SOURCE MATERIAL
· · ·

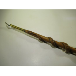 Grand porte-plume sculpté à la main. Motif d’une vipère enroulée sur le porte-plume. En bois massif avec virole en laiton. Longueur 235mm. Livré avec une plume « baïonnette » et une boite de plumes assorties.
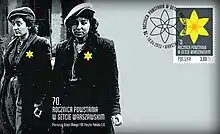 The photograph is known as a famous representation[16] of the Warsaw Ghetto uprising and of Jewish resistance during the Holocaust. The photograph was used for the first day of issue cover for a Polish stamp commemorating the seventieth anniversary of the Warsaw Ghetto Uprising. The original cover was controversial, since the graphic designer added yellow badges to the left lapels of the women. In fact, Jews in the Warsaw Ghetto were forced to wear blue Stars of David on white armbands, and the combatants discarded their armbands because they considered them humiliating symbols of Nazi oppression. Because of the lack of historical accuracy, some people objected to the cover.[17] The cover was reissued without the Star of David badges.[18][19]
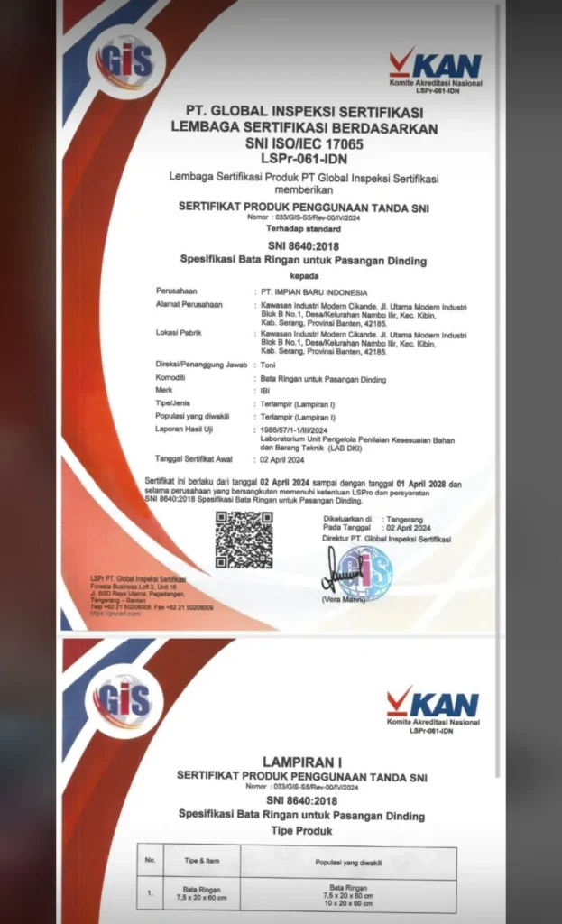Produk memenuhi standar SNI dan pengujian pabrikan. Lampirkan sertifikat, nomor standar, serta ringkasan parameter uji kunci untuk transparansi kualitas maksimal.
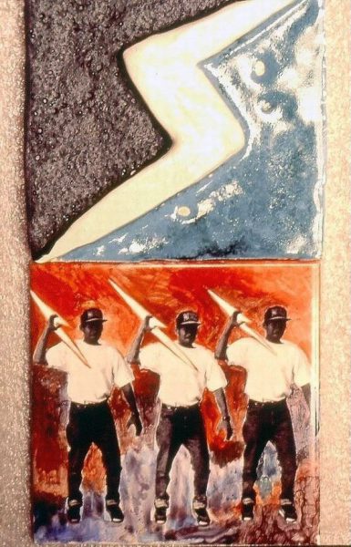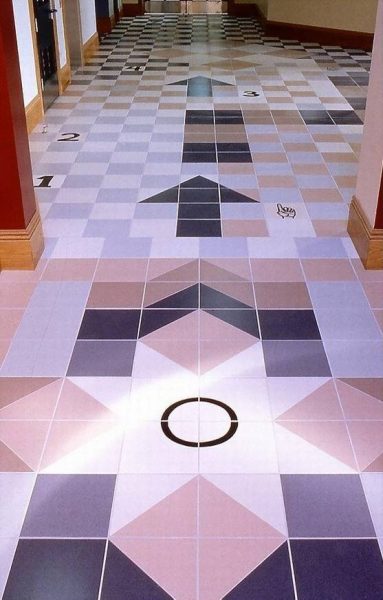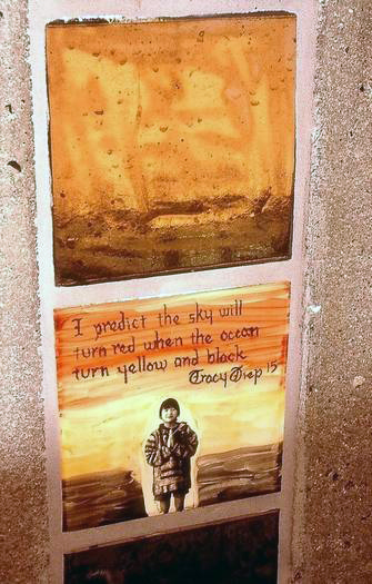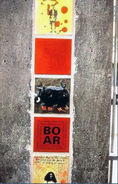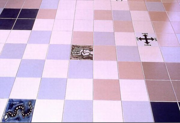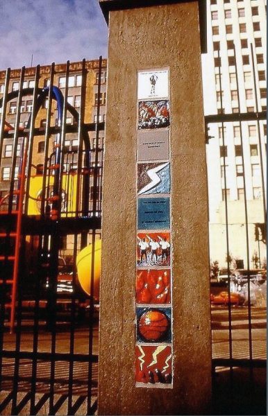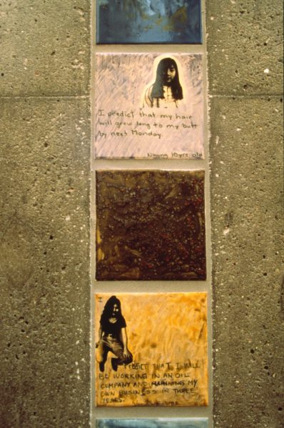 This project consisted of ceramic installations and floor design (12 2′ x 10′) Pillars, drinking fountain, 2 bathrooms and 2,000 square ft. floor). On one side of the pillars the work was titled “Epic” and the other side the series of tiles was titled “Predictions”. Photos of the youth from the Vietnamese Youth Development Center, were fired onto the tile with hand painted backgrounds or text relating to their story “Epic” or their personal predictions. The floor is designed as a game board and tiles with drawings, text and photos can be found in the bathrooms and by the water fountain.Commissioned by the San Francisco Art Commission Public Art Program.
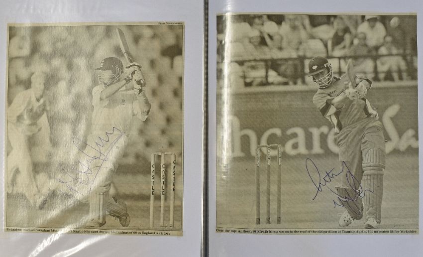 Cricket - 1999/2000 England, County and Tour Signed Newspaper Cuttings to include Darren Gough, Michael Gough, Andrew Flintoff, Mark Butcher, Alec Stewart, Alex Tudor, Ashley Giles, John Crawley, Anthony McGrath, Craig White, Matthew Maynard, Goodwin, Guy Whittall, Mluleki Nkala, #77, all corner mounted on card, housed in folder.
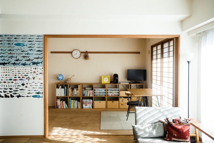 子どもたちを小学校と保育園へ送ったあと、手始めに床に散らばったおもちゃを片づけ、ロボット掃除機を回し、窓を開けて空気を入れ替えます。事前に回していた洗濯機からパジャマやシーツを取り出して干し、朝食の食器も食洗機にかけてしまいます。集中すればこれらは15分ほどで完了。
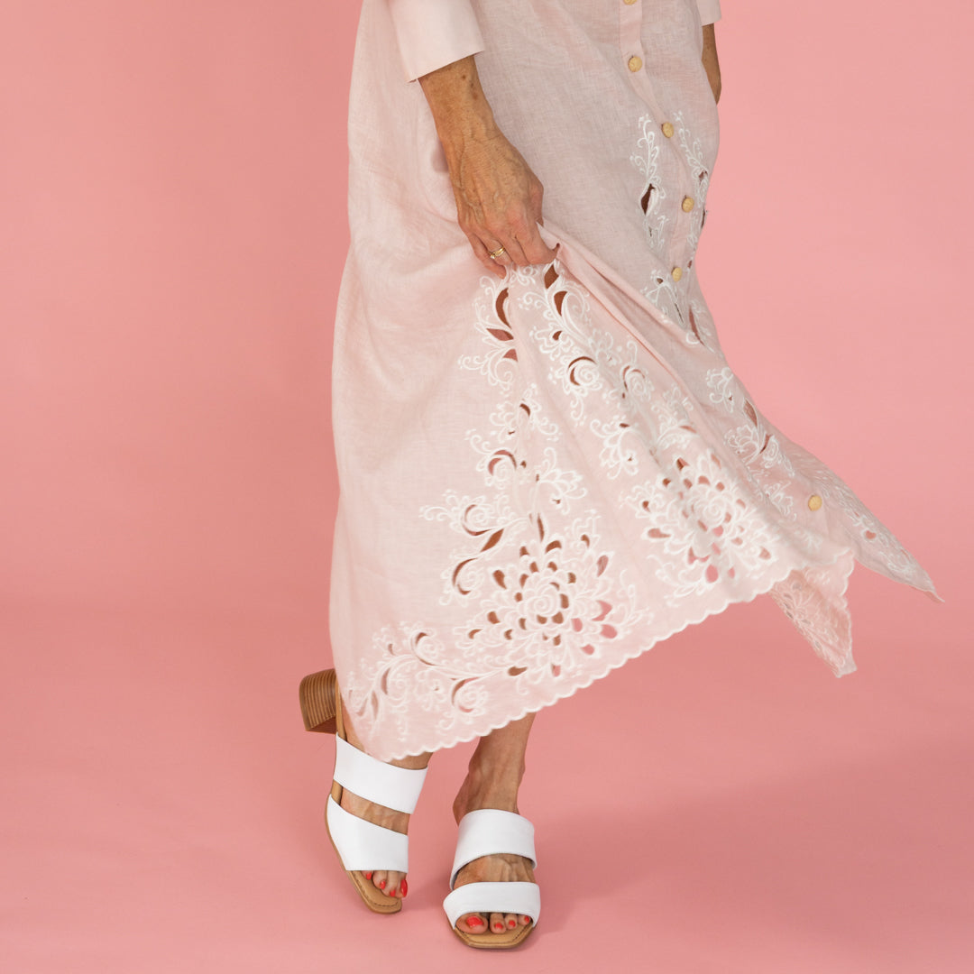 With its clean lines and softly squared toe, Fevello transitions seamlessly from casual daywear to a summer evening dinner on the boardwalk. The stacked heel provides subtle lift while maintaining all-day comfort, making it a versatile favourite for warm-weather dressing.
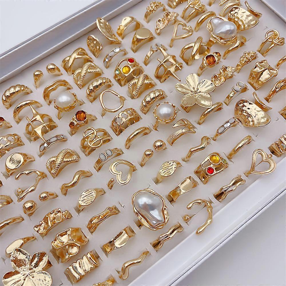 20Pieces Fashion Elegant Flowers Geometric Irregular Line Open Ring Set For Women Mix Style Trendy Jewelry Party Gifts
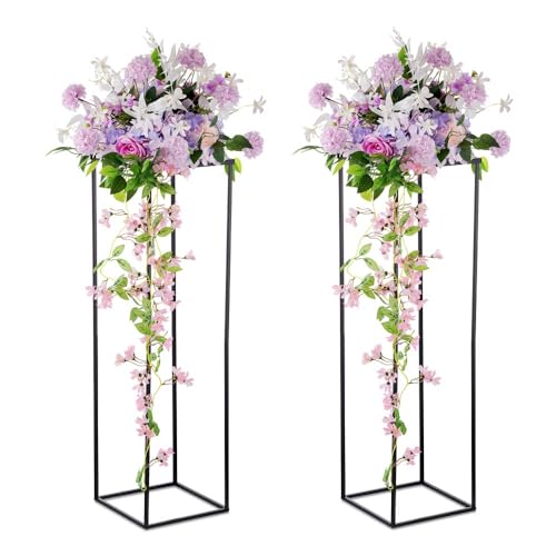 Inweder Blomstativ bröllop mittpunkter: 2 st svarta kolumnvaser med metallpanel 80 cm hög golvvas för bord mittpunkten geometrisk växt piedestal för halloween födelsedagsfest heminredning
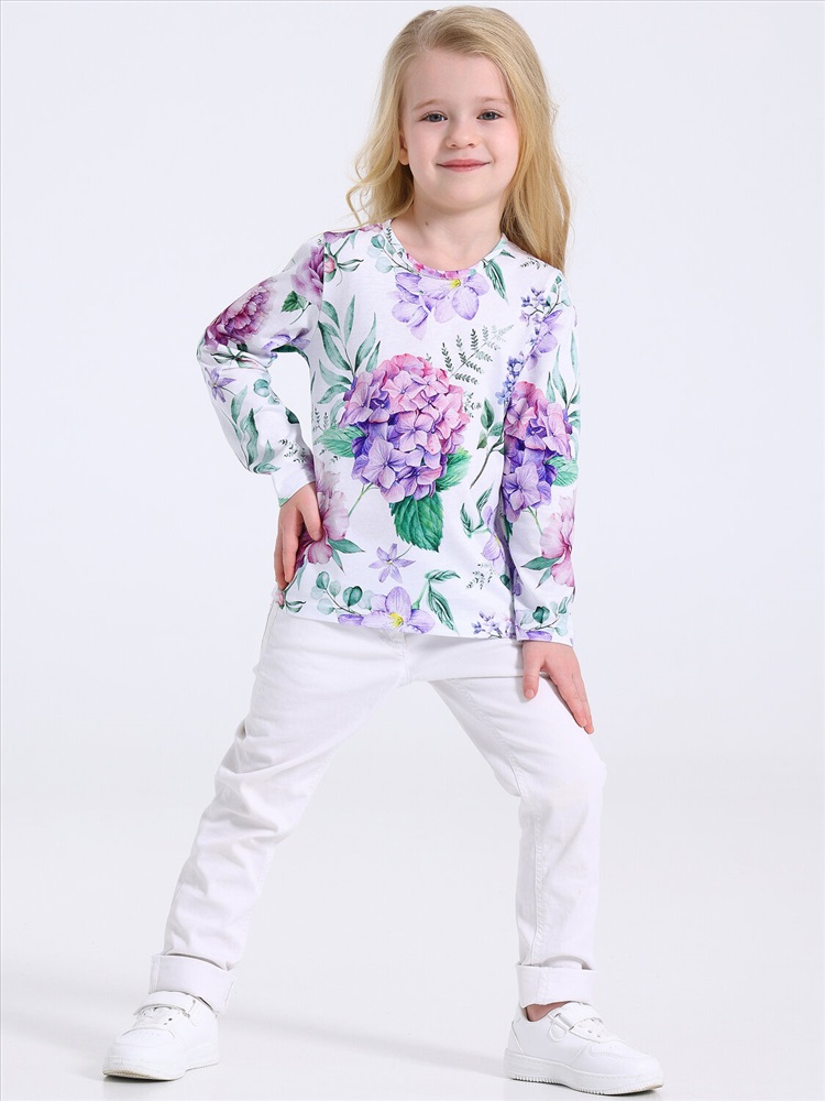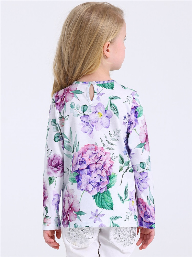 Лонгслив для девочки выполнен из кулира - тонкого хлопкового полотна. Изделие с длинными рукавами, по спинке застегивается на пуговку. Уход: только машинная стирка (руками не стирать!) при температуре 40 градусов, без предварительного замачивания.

· · ·

BRIEF
Transcribe the full listing above exactly as it stands, minus the pictures.

EXERCISE ANSWER
 Grand porte-plume sculpté à la main. Motif d’une vipère enroulée sur le porte-plume. En bois massif avec virole en laiton. Longueur 235mm. Livré avec une plume « baïonnette » et une boite de plumes assorties.
 The photograph is known as a famous representation[16] of the Warsaw Ghetto uprising and of Jewish resistance during the Holocaust. The photograph was used for the first day of issue cover for a Polish stamp commemorating the seventieth anniversary of the Warsaw Ghetto Uprising. The original cover was controversial, since the graphic designer added yellow badges to the left lapels of the women. In fact, Jews in the Warsaw Ghetto were forced to wear blue Stars of David on white armbands, and the combatants discarded their armbands because they considered them humiliating symbols of Nazi oppression. Because of the lack of historical accuracy, some people objected to the cover.[17] The cover was reissued without the Star of David badges.[18][19]
Produk memenuhi standar SNI dan pengujian pabrikan. Lampirkan sertifikat, nomor standar, serta ringkasan parameter uji kunci untuk transparansi kualitas maksimal.
 This project consisted of ceramic installations and floor design (12 2′ x 10′) Pillars, drinking fountain, 2 bathrooms and 2,000 square ft. floor). On one side of the pillars the work was titled “Epic” and the other side the series of tiles was titled “Predictions”. Photos of the youth from the Vietnamese Youth Development Center, were fired onto the tile with hand painted backgrounds or text relating to their story “Epic” or their personal predictions. The floor is designed as a game board and tiles with drawings, text and photos can be found in the bathrooms and by the water fountain.Commissioned by the San Francisco Art Commission Public Art Program.
 Cricket - 1999/2000 England, County and Tour Signed Newspaper Cuttings to include Darren Gough, Michael Gough, Andrew Flintoff, Mark Butcher, Alec Stewart, Alex Tudor, Ashley Giles, John Crawley, Anthony McGrath, Craig White, Matthew Maynard, Goodwin, Guy Whittall, Mluleki Nkala, #77, all corner mounted on card, housed in folder.
 子どもたちを小学校と保育園へ送ったあと、手始めに床に散らばったおもちゃを片づけ、ロボット掃除機を回し、窓を開けて空気を入れ替えます。事前に回していた洗濯機からパジャマやシーツを取り出して干し、朝食の食器も食洗機にかけてしまいます。集中すればこれらは15分ほどで完了。
 With its clean lines and softly squared toe, Fevello transitions seamlessly from casual daywear to a summer evening dinner on the boardwalk. The stacked heel provides subtle lift while maintaining all-day comfort, making it a versatile favourite for warm-weather dressing.
 20Pieces Fashion Elegant Flowers Geometric Irregular Line Open Ring Set For Women Mix Style Trendy Jewelry Party Gifts
 Inweder Blomstativ bröllop mittpunkter: 2 st svarta kolumnvaser med metallpanel 80 cm hög golvvas för bord mittpunkten geometrisk växt piedestal för halloween födelsedagsfest heminredning
 Лонгслив для девочки выполнен из кулира - тонкого хлопкового полотна. Изделие с длинными рукавами, по спинке застегивается на пуговку. Уход: только машинная стирка (руками не стирать!) при температуре 40 градусов, без предварительного замачивания.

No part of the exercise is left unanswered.